Sorry for the long post. These beers are gone now and thoughts (however trivial they are) just cannot stop.
 
Now I understand. Thank you :)
 
Originally posted by akots
Few notes about workers. 1 worker/town is a minimum and 3 is a maximum. We are industrious and can cope with 1. So, now, we are short in one worker.
Fortunately you mentioned it into your post. All the food calculation that you just made, which is correct as line of thought, assumes that you have the necessary number of workers and there is no waste of resources and food due to lack of them.

Our situation is an example. If we build two settlers right now we'll only be able to service one city with our only worker and would anyway neglect the first two cities. This could reflect in lost food, commerce, shields. Most of the time at the beginning of the game the benefit of an extra worker is higher than the benefit of an extra settler at a given point in time. A good rule of thumb is: always build a worker in any new city before any building or any other settler (have I wrote that before?).
 
You have, but its more convincing this time around--not that I didn't believe you before. Donovan, get your build queue open and fetch us workers before settlers.

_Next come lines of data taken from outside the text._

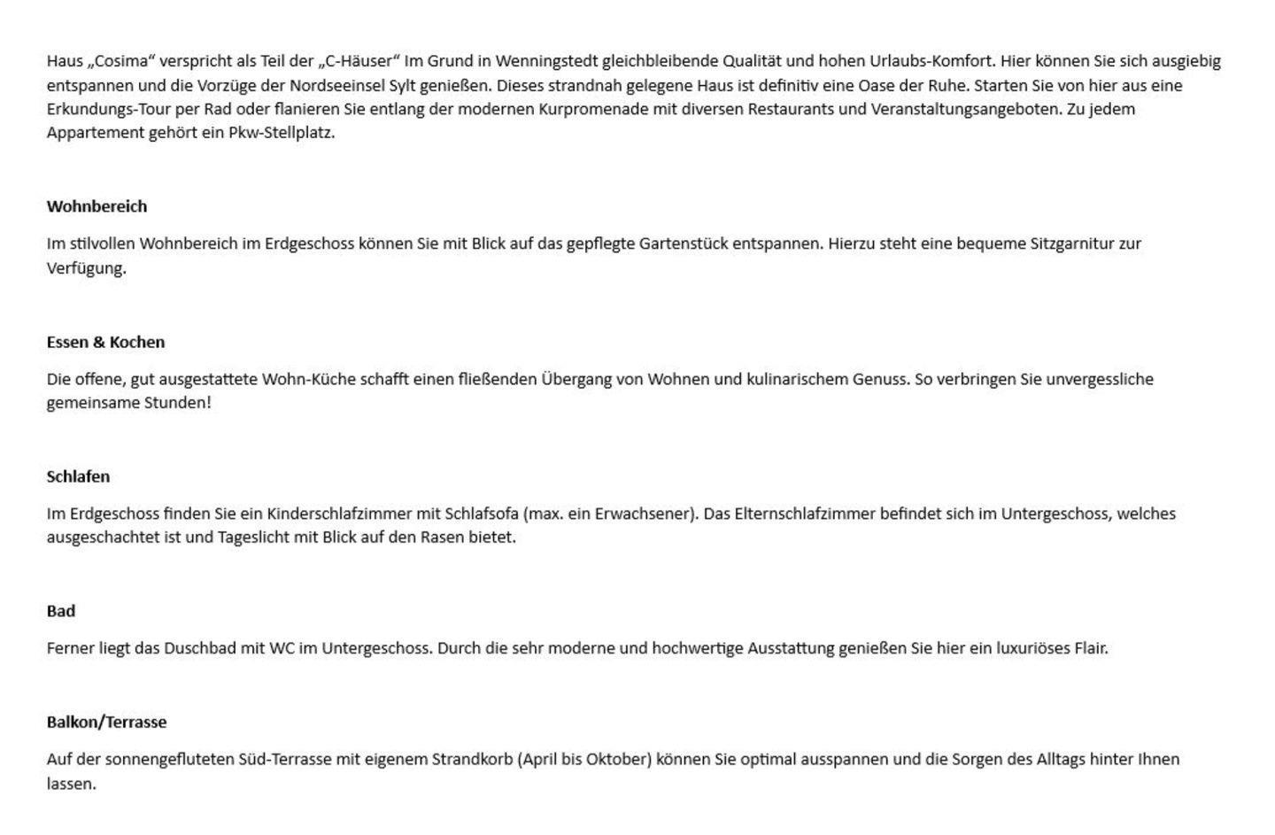 Haus „Cosima“ verspricht als Teil der „C-Häuser“ Im Grund in Wenningstedt gleichbleibende Qualität und hohen Urlaubs-Komfort. Hier können Sie sich ausgiebig entspannen und die Vorzüge der Nordseeinsel Sylt genießen. Dieses strandnah gelegene Haus ist definitiv eine Oase der Ruhe. Starten Sie von hier aus eine Erkundungs-Tour per Rad oder flanieren Sie entlang der modernen Kurpromenade mit diversen Restaurants und Veranstaltungsangeboten. Zu jedem Appartement gehört ein Pkw-Stellplatz.
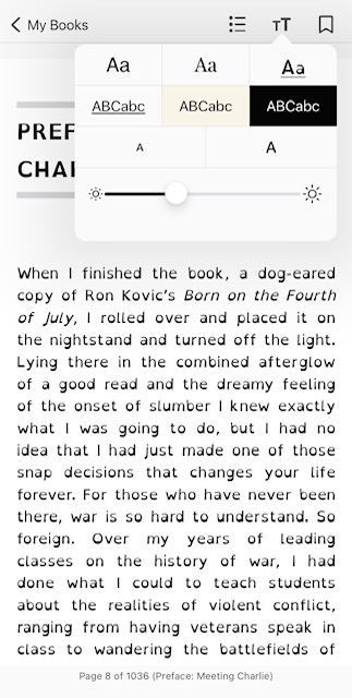 Under “My Books” you may select the “Read” icon to begin reading the books you have borrowed. Once you open the book, you may swipe left to go through each page. In the upper right hand corner, you can modify the font, screen mode (light, off white, or dark), screen brightness, and font size.
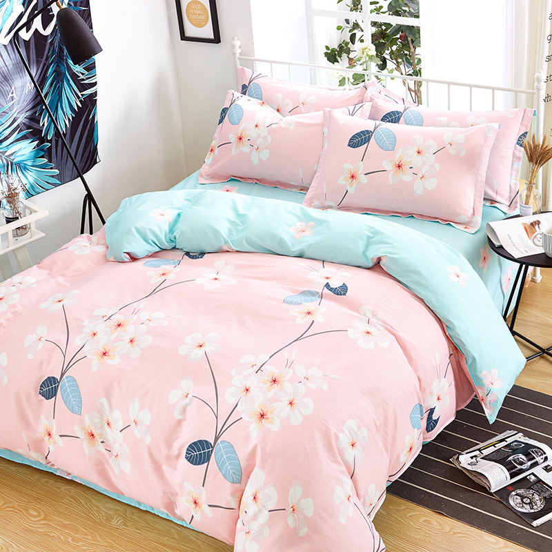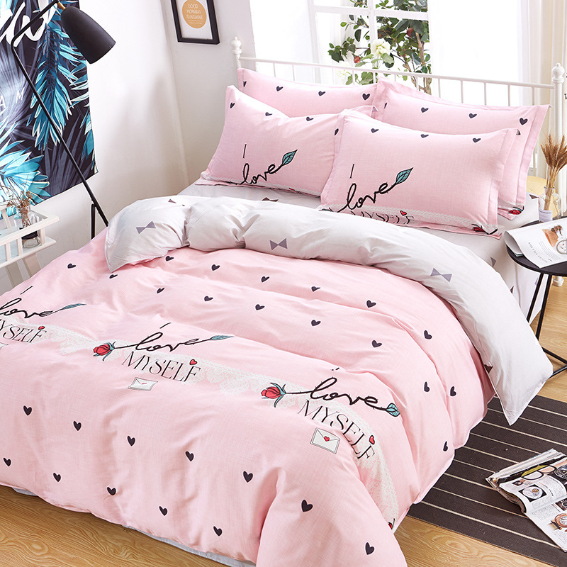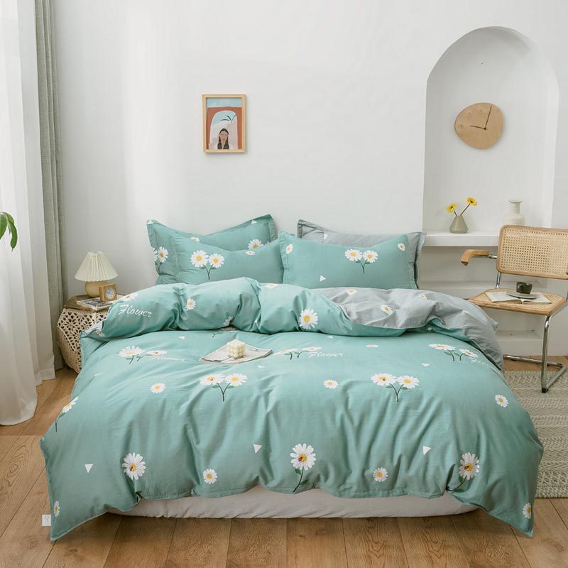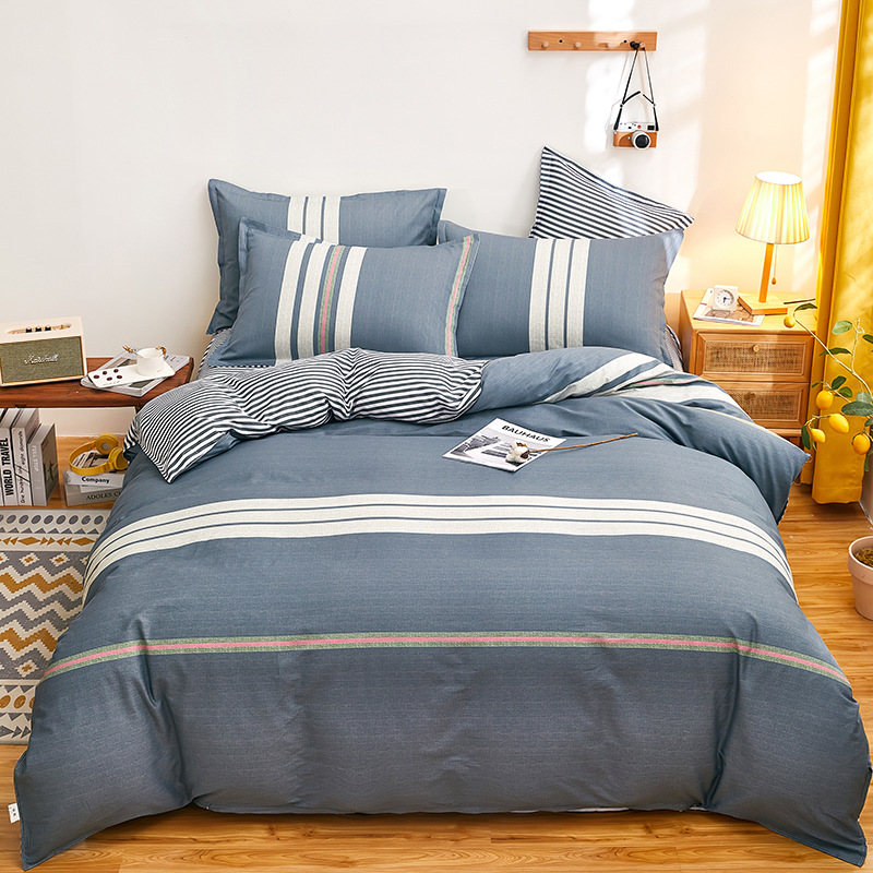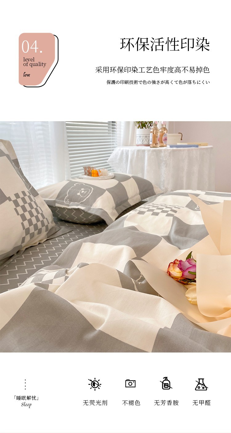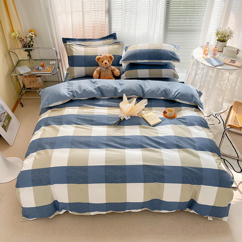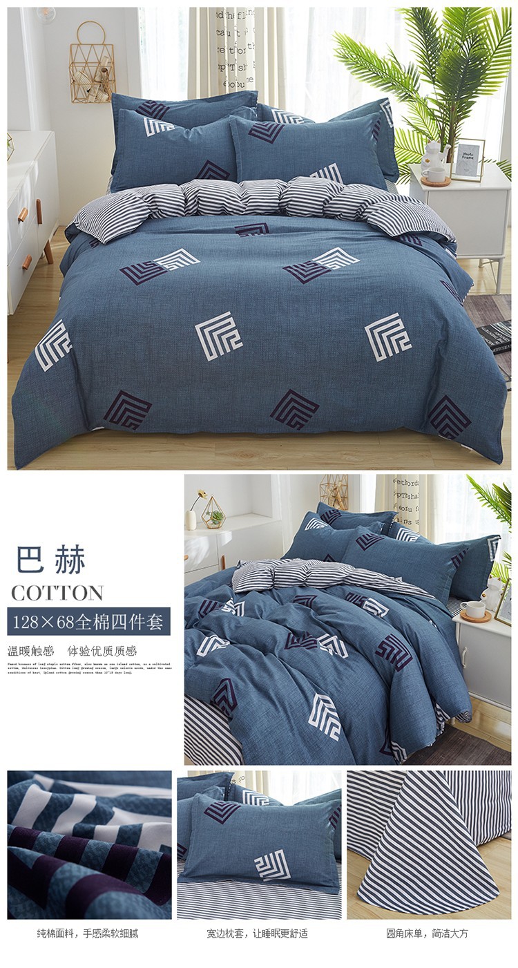 Ins 작은 신선한 면 4 조각 세트 간단한 만화 면 인쇄 학생 기숙사 침대 시트 퀼트 커버 3 피스 세트스토어 가기

Here's my idea. We have 3 workers with 2 cities. Then we build 2 settlers. At that point, we pick the most production capable city out of our 4 and begin the Statue of Zues, or a prebuild if we dont have mathematics (prebuild could even be a settler or granary if need be). What say you?
 
There are few exceptions to the "worker rule". If the new settler can claim a food bonus, settler goes first. If the city is corrupt and no improvements would help this, and defense or expansion are needed, military or worker goes first. For the river cities, settler goes first. And a few others. In general, for single player game on higher difficulty, warrior goes as first build often. Then worker or improvement or more military. For TF, worker now is a big question. I'm inclined to support worker build though for now. However, the city has enough grassland in its radius to grow slightly in size. Building a worker in size 2 city is a tough decision just showing how desperate we are without settler factory.